Sa., 09.01.2016

Köln Der Schaden ist riesig

Foto: dpa

Von Ulrich Windolph

Nach einer Woche voller Halbwahrheiten und Beschwichtigungen ist Kölns Polizeipräsident Wolfgang Albers seinen Job los. Seine Versetzung in den einstweiligen Ruhestand kann nicht überraschen. Die Probleme aber, die nach den Ereignissen in der Silvesternacht offenbar wurden, sind dadurch nicht gelöst.

»Politisch heikel« – mit dieser Begründung soll ein verantwortlicher Dienstgruppenführer ursprünglich die Herkunft der rund um den Hauptbahnhof kon­trollierten Männer verschwiegen haben. Politisch heikel ist es aber einzig und allein, die Dinge nicht beim Namen zu nennen. Die halbe Wahrheit ist das ganze Elend. So ein Vorgehen nützt niemandem etwas und schadet besonders all jenen, die aus bloßer Angst um ihr Leben nach Deutschland geflüchtet sind und sich hier nach Kräften bemühen, Teil unserer Gesellschaft zu werden.

Generalverdacht ist im Raum

Nun ist der Schaden riesengroß, und er wird kaum gutzumachen sein. Den Schaden haben zuerst die Frauen, die an Silvester Opfer wurden. Sie sind an Leib und Seele verletzt worden. Den Schaden hat jeder Einzelne von uns. Die Frage lautet: Wo kann man sich zu welcher Tageszeit noch halbwegs sicher bewegen und wo bleibt man besser weg? Und den Schaden hat die gesamte Gesellschaft. Die Debatte über die Möglichkeiten und Grenzen, über Chancen und Risiken der Integration wird fortan in einem vollends vergifteten Klima geführt werden. Der Generalverdacht ist im Raum.

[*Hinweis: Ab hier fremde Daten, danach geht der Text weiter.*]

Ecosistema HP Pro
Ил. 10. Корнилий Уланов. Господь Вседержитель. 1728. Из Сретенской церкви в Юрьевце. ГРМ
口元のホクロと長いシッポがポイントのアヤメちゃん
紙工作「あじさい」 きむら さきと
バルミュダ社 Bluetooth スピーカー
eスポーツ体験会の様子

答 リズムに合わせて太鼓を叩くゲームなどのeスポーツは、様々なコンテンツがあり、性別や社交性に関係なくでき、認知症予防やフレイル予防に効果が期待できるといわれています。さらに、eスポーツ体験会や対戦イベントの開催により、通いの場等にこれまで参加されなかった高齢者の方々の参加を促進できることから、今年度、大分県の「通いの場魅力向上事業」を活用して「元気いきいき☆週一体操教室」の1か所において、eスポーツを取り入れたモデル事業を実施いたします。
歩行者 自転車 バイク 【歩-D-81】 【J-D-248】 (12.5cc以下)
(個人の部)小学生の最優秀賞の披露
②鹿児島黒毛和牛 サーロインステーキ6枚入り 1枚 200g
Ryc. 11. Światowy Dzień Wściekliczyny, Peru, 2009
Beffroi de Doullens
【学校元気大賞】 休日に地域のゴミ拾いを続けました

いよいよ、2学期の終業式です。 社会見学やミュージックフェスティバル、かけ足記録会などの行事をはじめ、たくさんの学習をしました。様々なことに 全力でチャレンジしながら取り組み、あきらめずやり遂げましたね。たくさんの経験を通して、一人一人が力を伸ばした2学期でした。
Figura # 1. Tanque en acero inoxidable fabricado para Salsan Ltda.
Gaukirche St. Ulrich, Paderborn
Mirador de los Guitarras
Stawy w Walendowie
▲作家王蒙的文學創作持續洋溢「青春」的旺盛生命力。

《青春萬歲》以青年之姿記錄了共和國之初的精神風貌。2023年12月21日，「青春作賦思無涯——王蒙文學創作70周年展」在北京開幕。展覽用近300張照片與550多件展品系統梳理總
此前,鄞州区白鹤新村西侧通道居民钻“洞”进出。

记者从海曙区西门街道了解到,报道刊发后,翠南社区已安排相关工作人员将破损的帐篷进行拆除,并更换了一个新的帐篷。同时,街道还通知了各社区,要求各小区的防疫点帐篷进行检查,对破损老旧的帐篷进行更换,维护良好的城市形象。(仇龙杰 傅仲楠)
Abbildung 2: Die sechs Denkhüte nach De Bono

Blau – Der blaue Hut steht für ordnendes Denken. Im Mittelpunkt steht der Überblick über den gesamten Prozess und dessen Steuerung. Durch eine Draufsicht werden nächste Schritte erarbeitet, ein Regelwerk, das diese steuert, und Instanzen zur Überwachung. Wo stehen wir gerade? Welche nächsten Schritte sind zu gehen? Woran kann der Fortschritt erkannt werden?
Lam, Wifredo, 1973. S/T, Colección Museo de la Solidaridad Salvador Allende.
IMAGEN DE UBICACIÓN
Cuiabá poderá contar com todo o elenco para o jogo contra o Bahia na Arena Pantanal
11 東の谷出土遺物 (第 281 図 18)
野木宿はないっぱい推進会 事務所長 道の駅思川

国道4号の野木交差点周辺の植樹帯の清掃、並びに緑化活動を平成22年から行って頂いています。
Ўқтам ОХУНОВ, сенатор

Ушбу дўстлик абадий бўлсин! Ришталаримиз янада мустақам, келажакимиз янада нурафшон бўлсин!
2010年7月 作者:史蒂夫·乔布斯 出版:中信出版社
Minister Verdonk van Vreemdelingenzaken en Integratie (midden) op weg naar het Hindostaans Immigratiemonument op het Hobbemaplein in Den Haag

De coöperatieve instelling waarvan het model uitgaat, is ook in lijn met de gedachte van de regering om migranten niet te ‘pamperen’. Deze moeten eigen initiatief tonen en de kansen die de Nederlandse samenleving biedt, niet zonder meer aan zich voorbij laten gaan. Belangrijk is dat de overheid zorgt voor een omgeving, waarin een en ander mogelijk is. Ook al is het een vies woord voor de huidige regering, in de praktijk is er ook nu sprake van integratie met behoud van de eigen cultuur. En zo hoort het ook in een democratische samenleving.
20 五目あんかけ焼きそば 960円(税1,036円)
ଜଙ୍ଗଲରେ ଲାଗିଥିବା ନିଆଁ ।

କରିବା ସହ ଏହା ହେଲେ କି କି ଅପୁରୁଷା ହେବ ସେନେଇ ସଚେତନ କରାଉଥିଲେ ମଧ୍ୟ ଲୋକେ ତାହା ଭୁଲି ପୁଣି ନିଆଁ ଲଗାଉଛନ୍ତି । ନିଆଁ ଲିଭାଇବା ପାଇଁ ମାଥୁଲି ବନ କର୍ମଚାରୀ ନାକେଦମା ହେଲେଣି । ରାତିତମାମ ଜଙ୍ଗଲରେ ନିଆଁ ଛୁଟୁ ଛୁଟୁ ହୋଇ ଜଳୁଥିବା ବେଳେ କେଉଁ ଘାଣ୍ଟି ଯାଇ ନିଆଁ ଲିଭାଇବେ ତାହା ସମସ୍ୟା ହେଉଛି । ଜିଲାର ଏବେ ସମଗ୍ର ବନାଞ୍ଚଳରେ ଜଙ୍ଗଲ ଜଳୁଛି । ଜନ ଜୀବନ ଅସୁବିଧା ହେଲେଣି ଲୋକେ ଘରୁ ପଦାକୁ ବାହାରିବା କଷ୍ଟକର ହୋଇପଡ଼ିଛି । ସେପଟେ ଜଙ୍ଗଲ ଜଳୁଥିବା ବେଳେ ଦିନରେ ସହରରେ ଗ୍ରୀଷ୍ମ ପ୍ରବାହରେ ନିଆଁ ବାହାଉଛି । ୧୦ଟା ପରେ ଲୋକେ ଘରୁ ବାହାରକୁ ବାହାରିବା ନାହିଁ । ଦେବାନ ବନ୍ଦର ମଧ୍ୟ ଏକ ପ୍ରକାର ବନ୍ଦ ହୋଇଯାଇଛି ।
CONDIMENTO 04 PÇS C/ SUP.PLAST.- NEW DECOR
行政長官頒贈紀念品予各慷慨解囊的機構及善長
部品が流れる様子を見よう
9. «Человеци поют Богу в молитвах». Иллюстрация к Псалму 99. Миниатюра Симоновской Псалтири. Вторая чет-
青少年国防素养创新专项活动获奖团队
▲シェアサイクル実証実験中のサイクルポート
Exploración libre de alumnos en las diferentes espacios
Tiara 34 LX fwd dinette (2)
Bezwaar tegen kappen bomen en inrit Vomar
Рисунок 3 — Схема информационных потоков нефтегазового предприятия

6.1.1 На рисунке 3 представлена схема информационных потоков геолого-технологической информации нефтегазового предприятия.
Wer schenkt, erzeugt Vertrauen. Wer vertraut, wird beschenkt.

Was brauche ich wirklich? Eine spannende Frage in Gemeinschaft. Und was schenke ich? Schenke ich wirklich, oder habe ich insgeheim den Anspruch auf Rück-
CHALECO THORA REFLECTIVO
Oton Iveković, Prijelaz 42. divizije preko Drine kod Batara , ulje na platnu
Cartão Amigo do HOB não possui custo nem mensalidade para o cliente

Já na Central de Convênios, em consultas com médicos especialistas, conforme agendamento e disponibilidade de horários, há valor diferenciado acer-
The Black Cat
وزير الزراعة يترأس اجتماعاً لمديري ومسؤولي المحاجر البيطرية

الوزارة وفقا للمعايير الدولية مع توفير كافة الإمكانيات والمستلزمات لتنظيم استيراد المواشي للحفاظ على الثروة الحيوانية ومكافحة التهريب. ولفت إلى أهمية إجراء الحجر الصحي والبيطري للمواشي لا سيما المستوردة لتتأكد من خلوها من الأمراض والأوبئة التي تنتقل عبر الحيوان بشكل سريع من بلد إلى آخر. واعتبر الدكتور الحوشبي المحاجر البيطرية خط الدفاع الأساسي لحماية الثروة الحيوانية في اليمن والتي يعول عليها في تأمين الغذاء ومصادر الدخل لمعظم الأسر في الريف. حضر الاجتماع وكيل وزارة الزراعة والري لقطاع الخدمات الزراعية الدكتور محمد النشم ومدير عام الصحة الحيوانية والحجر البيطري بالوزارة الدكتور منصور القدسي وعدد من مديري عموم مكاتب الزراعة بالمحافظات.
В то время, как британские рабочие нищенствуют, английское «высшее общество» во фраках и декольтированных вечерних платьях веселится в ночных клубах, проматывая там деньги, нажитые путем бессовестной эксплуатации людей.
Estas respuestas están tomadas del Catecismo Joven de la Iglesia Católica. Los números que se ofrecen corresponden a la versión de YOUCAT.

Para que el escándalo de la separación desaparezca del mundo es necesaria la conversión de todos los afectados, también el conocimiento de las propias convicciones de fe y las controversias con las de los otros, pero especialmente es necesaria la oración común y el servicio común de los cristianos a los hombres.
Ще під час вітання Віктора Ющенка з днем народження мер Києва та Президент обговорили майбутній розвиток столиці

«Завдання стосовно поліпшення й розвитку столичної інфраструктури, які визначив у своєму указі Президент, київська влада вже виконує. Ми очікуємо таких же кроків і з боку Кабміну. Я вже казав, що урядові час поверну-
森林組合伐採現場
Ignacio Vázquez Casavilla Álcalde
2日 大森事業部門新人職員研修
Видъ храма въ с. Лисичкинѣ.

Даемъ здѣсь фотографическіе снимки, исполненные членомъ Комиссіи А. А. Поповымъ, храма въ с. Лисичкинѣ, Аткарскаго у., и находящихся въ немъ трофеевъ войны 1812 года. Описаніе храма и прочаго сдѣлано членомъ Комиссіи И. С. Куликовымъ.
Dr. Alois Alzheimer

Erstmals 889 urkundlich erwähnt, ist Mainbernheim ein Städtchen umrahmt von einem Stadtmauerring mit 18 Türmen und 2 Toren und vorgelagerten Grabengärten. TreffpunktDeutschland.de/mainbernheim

Dabei gibt es sexualisierte Gewalt auch beim Oktoberfest und zu Karneval. Auch unser Kulturkreis ist voll von Übel. Experten weisen zudem stets darauf hin, dass die meisten Taten im familiären Umfeld passieren. Stimmt alles, macht aber nichts besser. Kein Unrecht kann ein anderes rechtfertigen. Zudem ist Köln kein Einzelfall. Liest man, was der Sicherheitschef einer Bielefelder Diskothek dem WESTFALEN-BLATT anvertraut hat, kann einem auch im vermeintlich beschaulichen Ostwestfalen-Lippe Angst und Bange machen.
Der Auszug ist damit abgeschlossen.